One unfortunate thing may join the controversial release of the Lockerbie bomber, Abdelbasat Ali al-Megrahi, and the creeping Taliban/ Al-Qaeda re-dominance of Afghanistan. It is the growing evidence of US incompetence -- and impotence -- in the face of international terrorism. Those in India, including the new media hero, Jaswant Singh, who consider (and swear by) America as the natural leader of the world, should pause and think about this.

Take the Lockerbie case first. The United States is now railing against the Scottish justice secretary, Kenny MacAskill, who said he released al-Megrahi on compassionate grounds because he was terminally ill with cancer. al-Megrahi was the only one to be convicted for the Pan Am Lockerbie bombing in 1988 in which two-seventy passengers and crew perished. al-Megrahi returned to Libya to a hero's welcome, and it transpires that the quid-pro-quo was that Libya-Britain oil and other trades would be "positively" advanced, although the UK denies this. UK PM George Brown has gone into veritable hiding without making a statement, but his ministers say criminal justice is devolved to Scotland, and as such, Britain cannot be blamed for Scotland's decision.

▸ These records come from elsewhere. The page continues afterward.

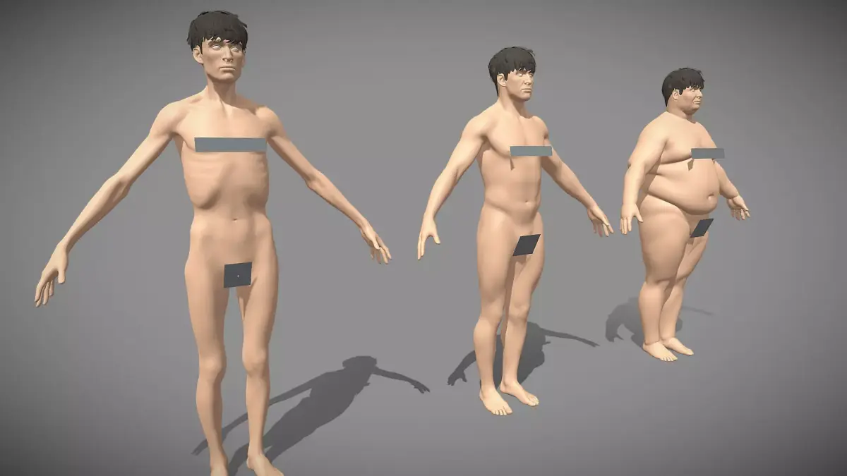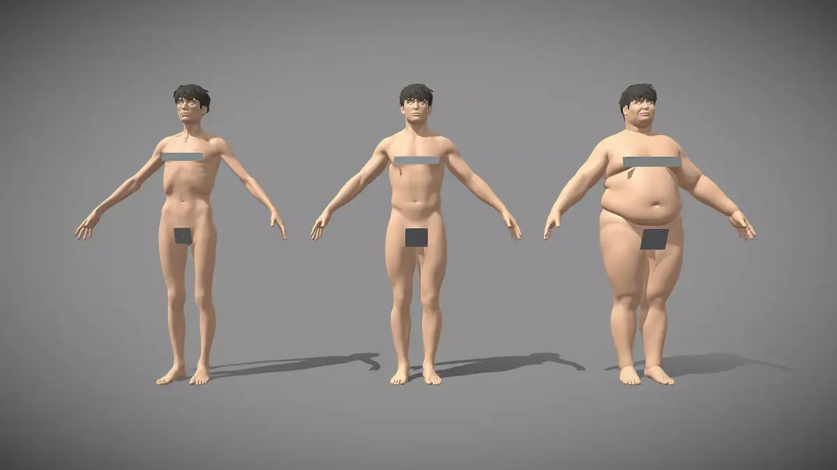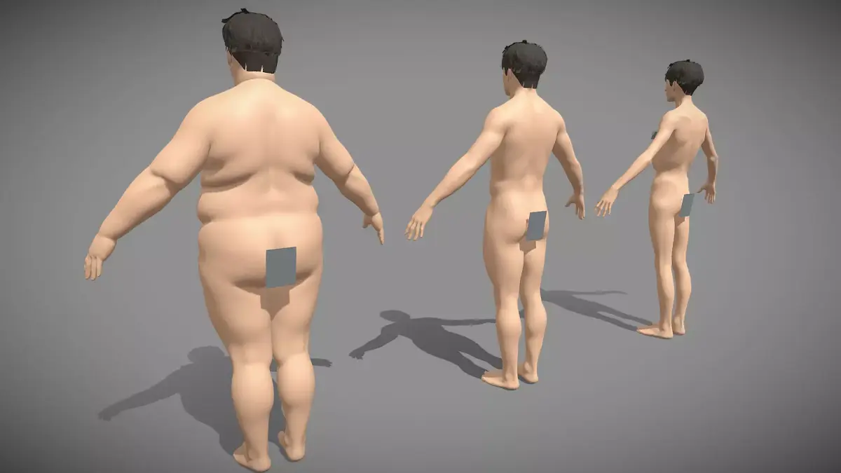 *Introducing to everyone a set of women's and man base mesh with 3 body states (Normal, fat, thin). Detailed models suitable for projects for games, movies, sculptures...
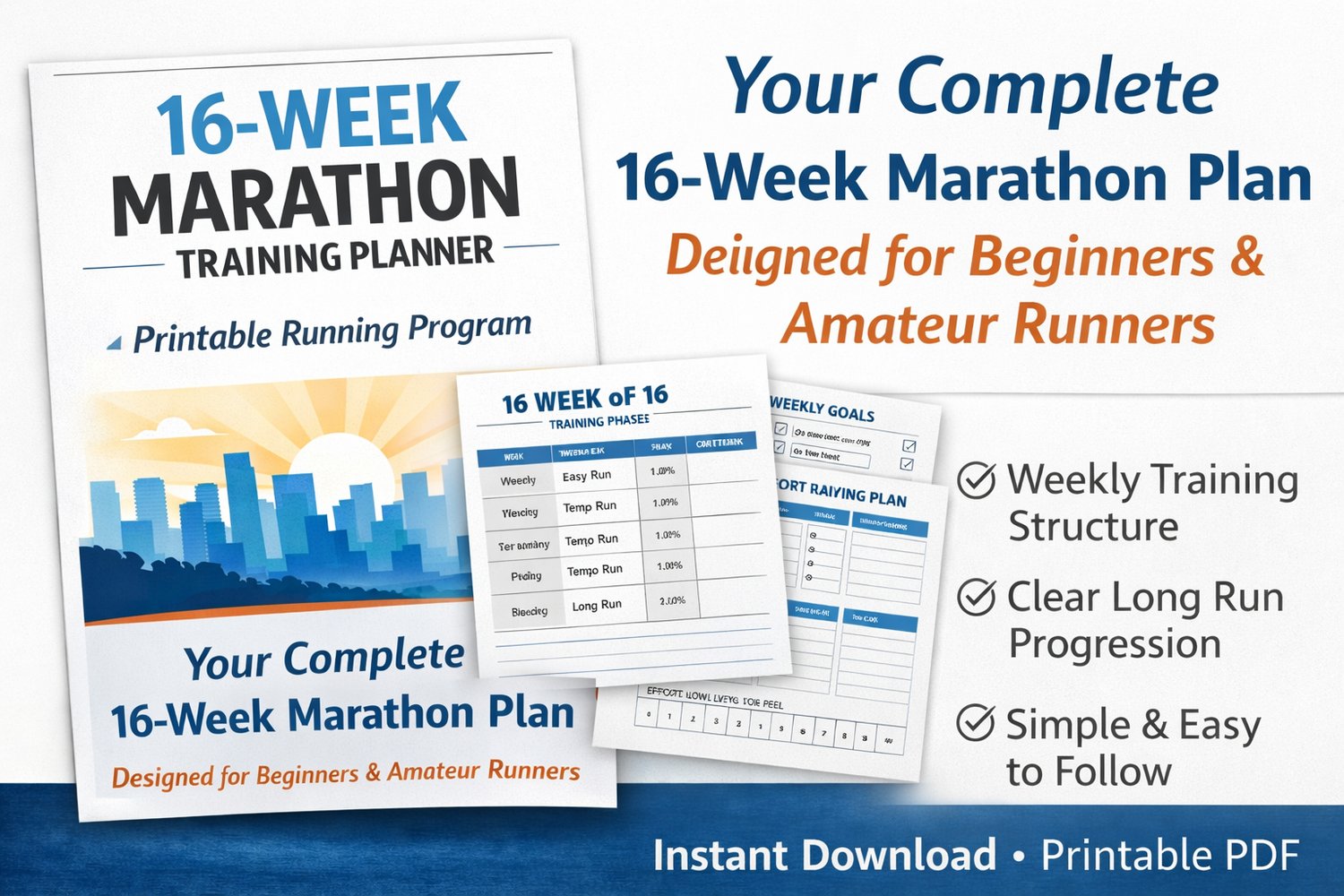 Download instantly and begin your 16-week marathon training plan with confidence and clarity.
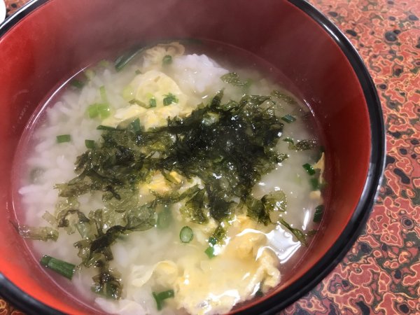 | 〆の雑炊 良い出汁が出ています | 雑炊上には何故か あおさのりを |
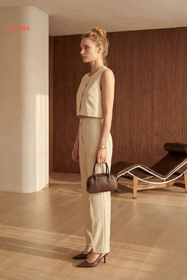 تشكيلة موضة هيكوب: سترة كروب بياقة دائرية وسروال عالي الخصر
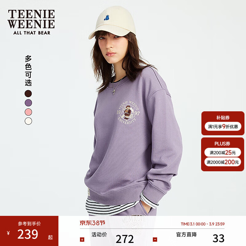 Teenie Weenie小熊女装卫衣秋冬简约宽松休闲学院风圆领套头上衣 紫色 S
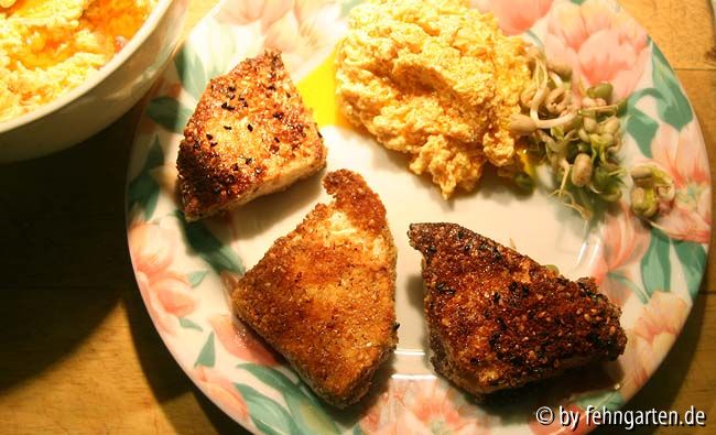 Bildname: panierte sellerieecken mit möhrencreme
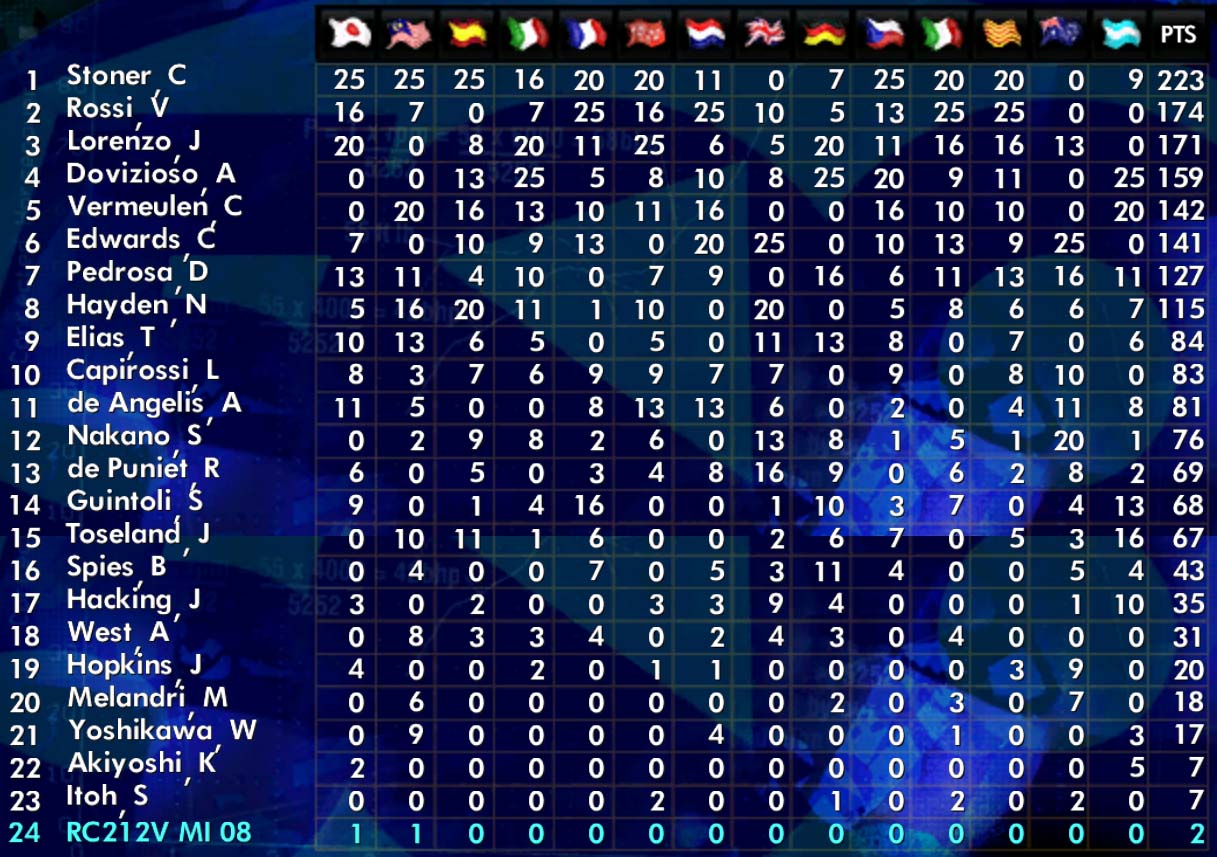 とりあえず分かったことは、去年時間をかけて車体セッティングを煮詰めたRC212V+MI、D16GP08+BS、GSV-R+BSの車体バランスがいいこと、今シーズンから登場して、あんまり煮詰めてないYZR-M1+BS、RC212V+BSの車体バランスが悪いこと。M1はコーナー進入、212V+BSはコーナー脱出で安定していないことが分かりました。この辺を改善しつつ、ロッシがチャンピオンをとれるようなRiders.datを開発しようと思います。
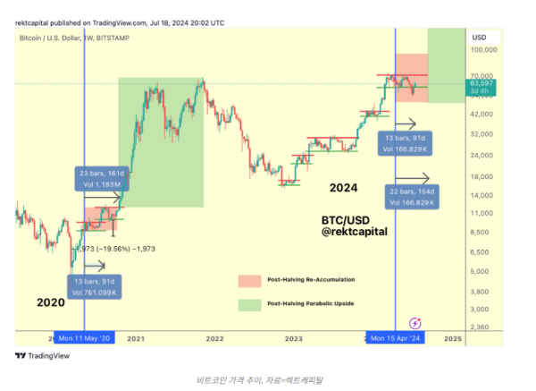 “역사가 반복된다면, 비트코인의 재축적 범위에서의 돌파는 2024년 9월에 발생할 것이다.”
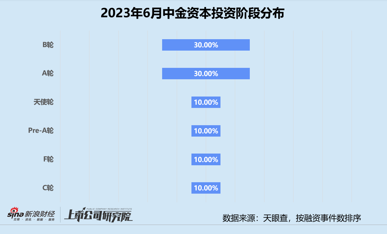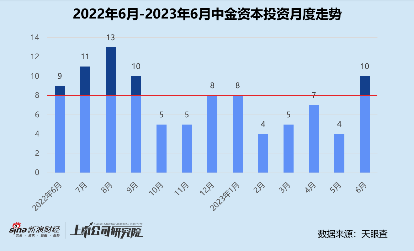统计区间内,中金资本公开披露的股权投资事件共10起,同比11.11%,约为5月投资事件数的2.5倍。往期数据显示,在一级市场普遍悲观的2022年,中金资本仍保持平均每月5-6个项目的投资频率。而本该全面复苏的2023年,中金资本却显得相对谨慎,直至本月才彻底恢复至2022年同期水平。
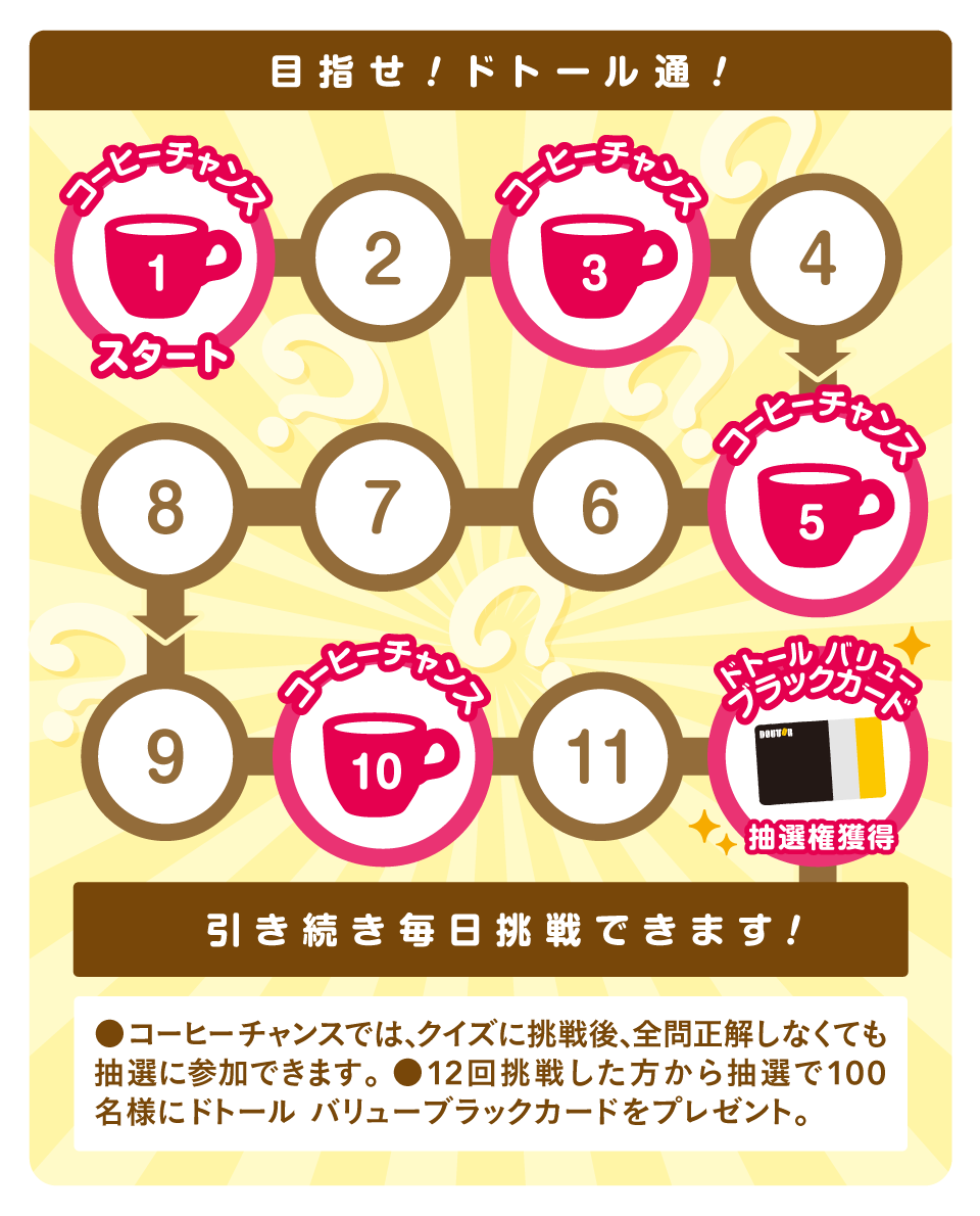 ドトールグループに関するクイズに解答し、10問全問正解すると抽選で期間合計30,000名様に、コーヒー1杯引き換え券(最小サイズ)をプレゼントします。クイズは1日1回チャレンジ可能。
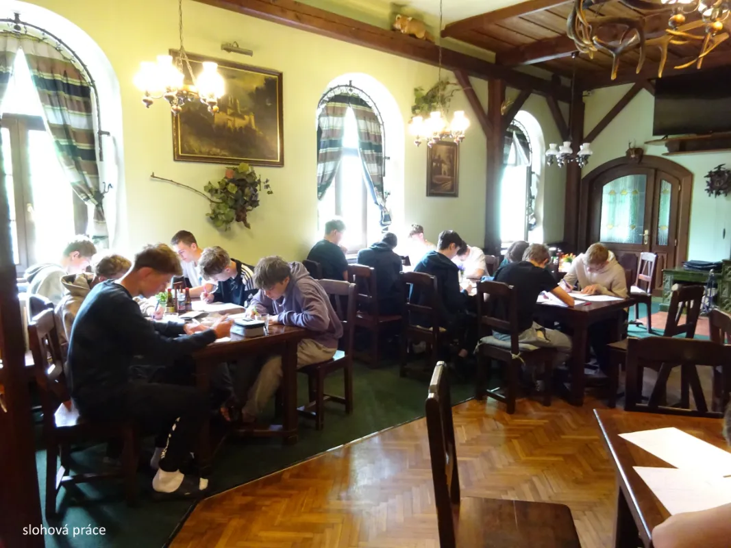 Hezký, upravený areál, milý personál, palačinky; prostorné chatky, sice pár věcí nefungovalo, ale sranda byla stejně; večeře, večeře, večeře; palačinky; koprovka; párek v rohlíku k snídani, zpívání s kytarou a přátelská atmosféra u táboráku; příjemné prostředí a rychlá obsluha; opékání na ohništi bylo fakt super; táborák s rodinnou atmosférou a pozorování hvězd; písničky na kytaru byly vážně skvělý; táborák; dobré jídlo, zábava, večeře s panem učitelem, panoramatické výhledy; kamarádi, kolektiv, zábava; večeře s panem učitelem, vtip; táborák ve čtvrtek, ŠVP i s nohou v sádře, sci-fi divadlo, noční bojovka; malebná krajina, dlouhé procházky, slohová práce, divadlo, táborák a spousta dalších zážitků; nádherný zámek, táborák, divadlo; byla to zábava, super divadlo, haha; „Zrcadlo, zrcadlo, kdo je na světě nejkrásnější?“; super výlety a výhledy; šance socializovat se a objevit nové krásy přírody; vděčnost za čas, který jsme mohli strávit spolu; asi nejlepší škola v přírodě, krásné počasí, hodně zpívání a hlavně fajn kolektiv; náročné, ale zábavné; skvělé zakončení školního roku. (Kvarta 24/25)
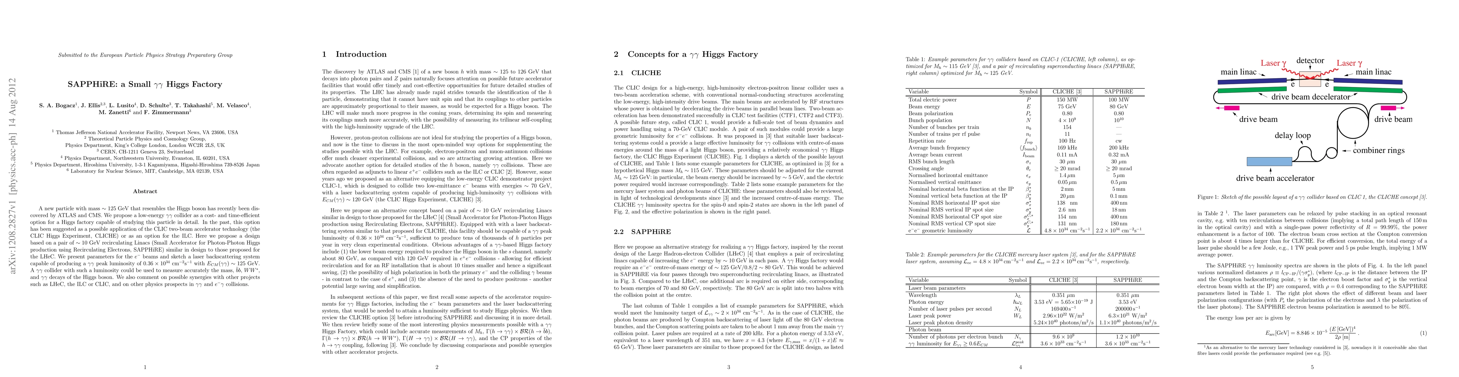 SAPPHiRE proposes a low-cost, time-efficient gamma-gamma collider using recirculating linacs to study the recently discovered Higgs boson at ~125 GeV, aiming for a peak luminosity of 0.36 × 10^34/cm^2/s to accurately measure its properties and explore synergies with other particle physics projects.
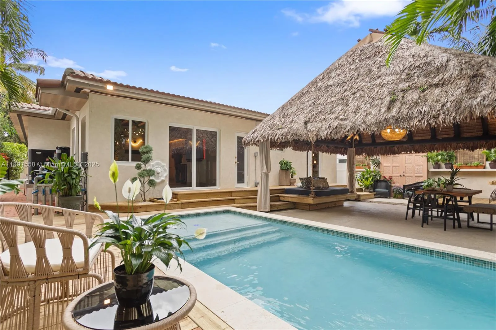 Escape the fast pace of Miami in this Bali-inspired tropical retreat located in Shorecrest, just minutes from Miami Shores and North Bayshore Park. Featuring a new pool with deck, in-ground jacuzzi, outdoor cold plunge & soaking tub under the palms, Tiki lounge area, and zoning for short-term rentals. This fully renovated 3-bed, 3-bath home features one suite with a private entrance and bathroom, plus a spacious den that can easily be converted into another bedroom. The property has all-new plumbing, electrical, ceilings, and walls, as well as impact doors and windows — all with closed permits. Enjoy low Miami-Dade taxes, serene outdoor spaces, and the perfect blend of design, comfort, and investment potential. Furniture and decoration shown in photos available separately.
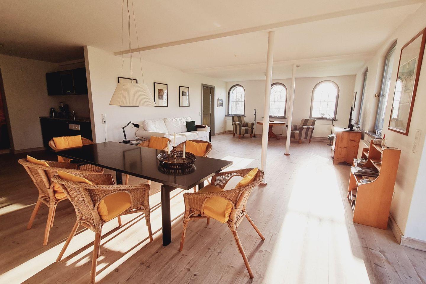 Diese Erdgeschosswohnung auf dem Hof Kiekut ist die größte der Anlage und überzeugt durch viel Raum, Licht und eine ruhige Lage. Die nach Südwesten ausgerichtete Wohnung bietet auf rund 120 m² beste Voraussetzungen für einen entspannten Aufenthalt – ideal für Familien, Paare mit Besuch oder kleine Freundesgruppen. Die Wohnung ist für bis zu vier Personen ausgelegt.
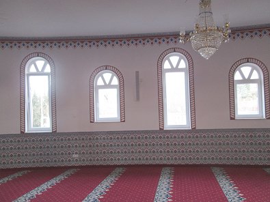 im Herzen der Moschee mit dem nicht brennbaren roten u. glanzvollen Teppich.
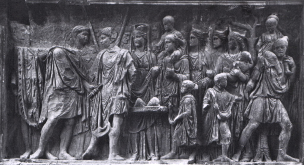 Il primo è un bassorilievo su un arco trionfale dedicato a Traiano e situato nella città campana di Benevento. Mostra dei padri che portano i loro figli a un curatore che distribuisce cibo.
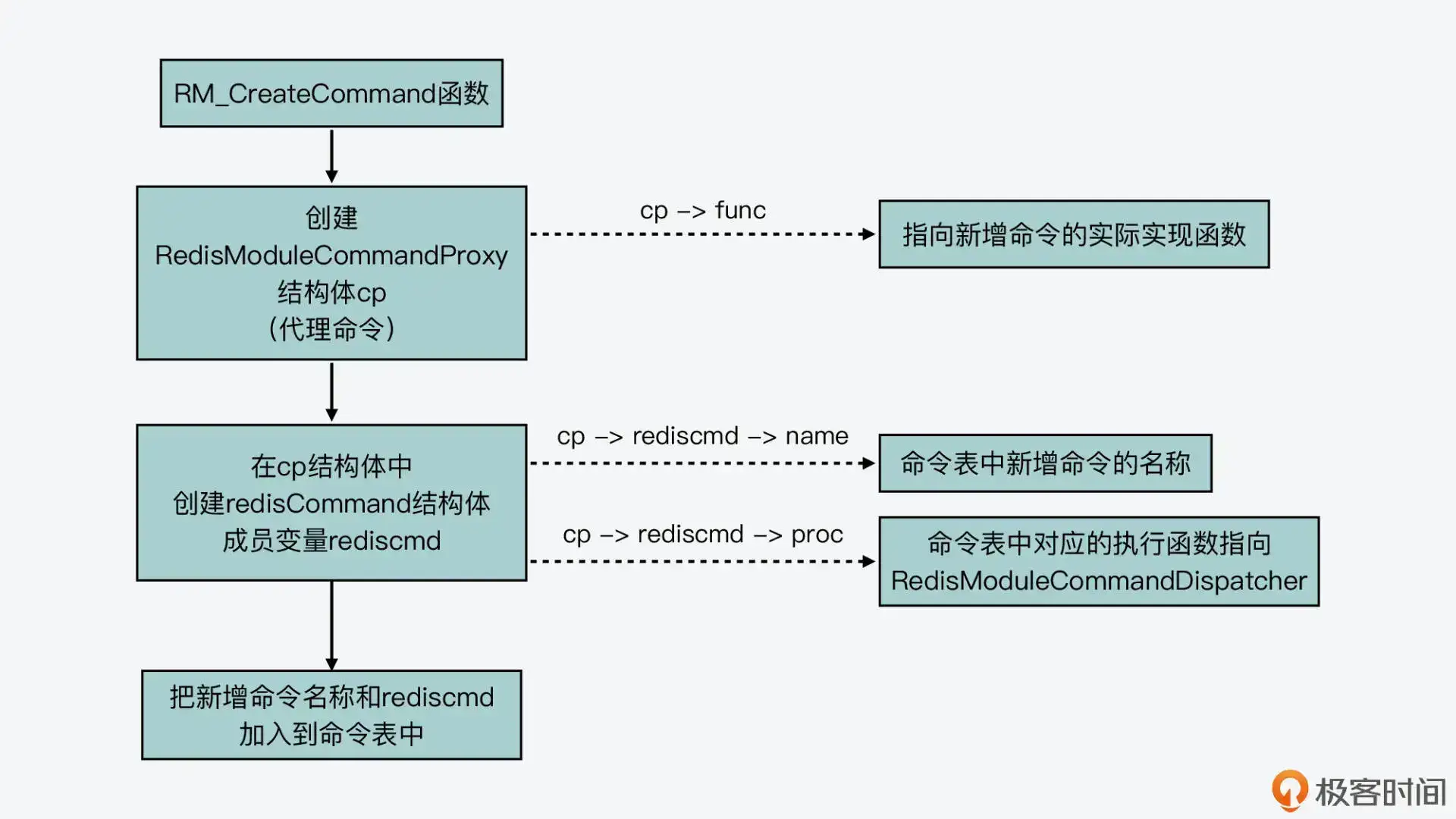 而 RM_CreateCommand 函数的主要作用,是创建一个 RedisModuleCommandProxy 结构体类型的变量 cp。这个变量类似于新增命令的代理命令,它本身记录了新增命令对应的实现函数,与此同时,它又创建了一个 redisCommand 结构体类型的成员变量 rediscmd。

Britain has been a failing great power since the Suez Crisis (and its covert services have slept with terrorists), but how to explain US -- and particularly Barack Obama's -- failure to stop al-Megrahi's release? Did the US apply pressure on the UK and Scotland to bar al-Megrahi's freedom? If it did apply the pressure, why didn't it work? Was adequate pressure not applied, or was no pressure applied? Did president Obama get carried away by the UK and Scotland's suggestions (assuming they were made) that this "liberal" gesture of freeing al-Megrahi would win him points in his attempts at engaging the Muslim world? So how did it boomerang? Did Libya's strongman, Colonel Muammar Gaddafi, pledge not to celebrate al-Megrahi's homecoming, but broke his promise as he was always meant to?

Sadly, nearly nobody in the United States is asking these hard questions of president Obama. The FBI director and US military brass are now excoriating Scotland, but this is akin to locking the stable door after the horse has bolted. The message in this for international terrorist groups is that the West, including the United States, has no staying power against them, and that their terror strategies will prevail sooner than later.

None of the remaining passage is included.